In order to get to the love, I definitely see a need for there to be some sort of extremely boundaried, well-defined, targeted conflict resolution proceeding to happen for healing to begin around this issue. The best way I know to move forward is with a plan. In my humble opinion, whatever conflict resolution comes of this really requires three very clear commitments.

Commitment 1:
to establish a set of language and behavior expectations to which we all commit, lovingly and respectfully, in this conversation: online, offline, in person. These need to include protocols around terminology, protocols around anger management, and protocols around transparency. We need to stop undercutting our very valid intellectual and thealogical commentary with emotional outbursts, insults, and snide asides, for starters. Let's try to be dignified in our communications with one another, sensitive to the structured language that is necessary to evolving the conversation, and mindful of our conduct. No angry flailing allowed here. Sorry, but it's counterproductive at this point. Perhaps if someone needs to express anger in a healthy way, it would be useful to find a support group or therapist who is trained to help you release and process that, or a great friend to whom you can vent.

Commitment 2:
to take some time AWAY from the discussion for each to familiarize ourselves with helpful educational materials. If you are a trans person or ally and have not read Z's books, maybe pick one up and look through it to get to know the worldview of Z's practice of the Dianic Tradition and the historical moment of its arising in the U.S. a bit better. For those who find themselves feeling oppressed and shamed for their choice of focus on the concerns of cisgendered women, for the Dianics out there who feel resistant to seeing trans women as "real women", I encourage you to take some time to read Whipping Girl by Julie Serrano, or avail yourself of other information with the intent to better understand the diverse worldviews of our trans sisters and brothers. If you Google "cisgender allies" or "how can I be more sensitive as a cisgender person" you will get about a billion possible options to choose from. There is no monolithic stance or worldview here, as all trans people have their own unique voices and stories, so don't look for an "offical transgender guide." Just wade in to the sea of information and learn as you go. When we feel we know a bit more about one another, as people, we tend to approach even difficult conversations with greater affection and patience.

Commitment 3:
to establish a gradual plan of continuing education and conversation over time. This issue did not start this year, last year, or even ten years ago. This is a centuries-old topic, actually. We need at minimum a 5-year plan of resolution here. Perhaps drafting guidelines and educational materials for how anyone who wants to might facilitate an open dialogue in their local community or at a festival about these issues would be a good step toward broadening the spectrum of awareness. From there, perhaps a group of committed leaders might come together and formulate plans of action for restorative justice. I hope to be included should that group come together. I feel I have some ideas that might be of value or help in some small way.
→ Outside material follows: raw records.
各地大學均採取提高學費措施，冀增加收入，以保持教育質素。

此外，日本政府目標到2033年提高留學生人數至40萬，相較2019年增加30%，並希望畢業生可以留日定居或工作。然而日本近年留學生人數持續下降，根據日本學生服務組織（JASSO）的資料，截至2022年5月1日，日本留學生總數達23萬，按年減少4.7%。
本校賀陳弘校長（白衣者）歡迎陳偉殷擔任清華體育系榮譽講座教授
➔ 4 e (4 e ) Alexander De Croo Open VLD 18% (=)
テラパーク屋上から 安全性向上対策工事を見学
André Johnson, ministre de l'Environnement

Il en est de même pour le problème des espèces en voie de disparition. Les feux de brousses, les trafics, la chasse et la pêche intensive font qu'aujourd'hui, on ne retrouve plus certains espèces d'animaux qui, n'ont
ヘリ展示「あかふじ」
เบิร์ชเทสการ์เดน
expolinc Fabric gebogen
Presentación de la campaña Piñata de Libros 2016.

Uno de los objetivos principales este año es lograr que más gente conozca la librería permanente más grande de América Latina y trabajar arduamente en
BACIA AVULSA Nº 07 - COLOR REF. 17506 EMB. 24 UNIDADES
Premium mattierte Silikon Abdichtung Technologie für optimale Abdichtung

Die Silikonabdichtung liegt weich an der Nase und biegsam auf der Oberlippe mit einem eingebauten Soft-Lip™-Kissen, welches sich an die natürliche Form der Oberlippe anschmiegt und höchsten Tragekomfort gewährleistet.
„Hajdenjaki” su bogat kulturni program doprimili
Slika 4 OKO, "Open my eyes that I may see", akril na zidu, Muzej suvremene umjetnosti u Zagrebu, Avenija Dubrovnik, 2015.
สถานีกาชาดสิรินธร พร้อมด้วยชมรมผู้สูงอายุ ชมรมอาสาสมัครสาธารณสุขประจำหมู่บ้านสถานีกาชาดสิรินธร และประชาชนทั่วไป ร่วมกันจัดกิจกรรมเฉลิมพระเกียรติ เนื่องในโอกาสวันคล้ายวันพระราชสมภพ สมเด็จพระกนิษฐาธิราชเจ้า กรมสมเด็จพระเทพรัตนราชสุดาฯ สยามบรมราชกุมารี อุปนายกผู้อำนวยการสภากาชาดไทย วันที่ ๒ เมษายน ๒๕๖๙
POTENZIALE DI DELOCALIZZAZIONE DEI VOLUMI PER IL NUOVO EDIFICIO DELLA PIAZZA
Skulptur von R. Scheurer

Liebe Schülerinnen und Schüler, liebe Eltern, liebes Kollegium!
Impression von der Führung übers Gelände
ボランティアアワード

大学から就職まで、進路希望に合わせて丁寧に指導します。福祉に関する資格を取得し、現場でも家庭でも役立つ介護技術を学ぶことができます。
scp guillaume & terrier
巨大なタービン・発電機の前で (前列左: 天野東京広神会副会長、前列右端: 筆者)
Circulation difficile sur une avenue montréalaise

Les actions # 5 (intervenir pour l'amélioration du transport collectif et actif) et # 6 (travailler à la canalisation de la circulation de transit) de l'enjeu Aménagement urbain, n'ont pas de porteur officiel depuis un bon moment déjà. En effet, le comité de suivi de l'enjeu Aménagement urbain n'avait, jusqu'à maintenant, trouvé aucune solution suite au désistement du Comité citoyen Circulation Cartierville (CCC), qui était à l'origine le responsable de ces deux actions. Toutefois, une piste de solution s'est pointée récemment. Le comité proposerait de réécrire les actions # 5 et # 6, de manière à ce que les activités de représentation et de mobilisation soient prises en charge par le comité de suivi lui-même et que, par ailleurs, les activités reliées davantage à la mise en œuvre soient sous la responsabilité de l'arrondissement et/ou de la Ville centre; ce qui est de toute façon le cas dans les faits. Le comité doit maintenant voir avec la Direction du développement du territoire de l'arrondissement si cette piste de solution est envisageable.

In the end, many people have asked me whose side I am on. I think this is a very ironic question. Throughout all of history, no matter how generous and loving someone might be, ultimately everyone is always on their own side. My motivations for standing as loving witness between the ritual and the protest, and for offering an inclusive women's rite at PCon as well as an inclusive Dianic rite with men, were both selfish and altruistic at the same time. I want healing, for myself and everyone. I want PantheaCon and other Festivals to be fun and refreshing and enlightening, for myself and everyone. I want our community to evolve, for my benefit as much as everyone else's.

Now, I plan to write up vivid descriptions of some of the Rites I saw and participated in at PantheaCon, but in terms of this topic, I am going to watch, wait, listen, and learn for a while.

Out beyond ideas of wrongdoing
and rightdoing there is a field.
I'll meet you there.
When the soul lies down in that grass
the world is too full to talk about.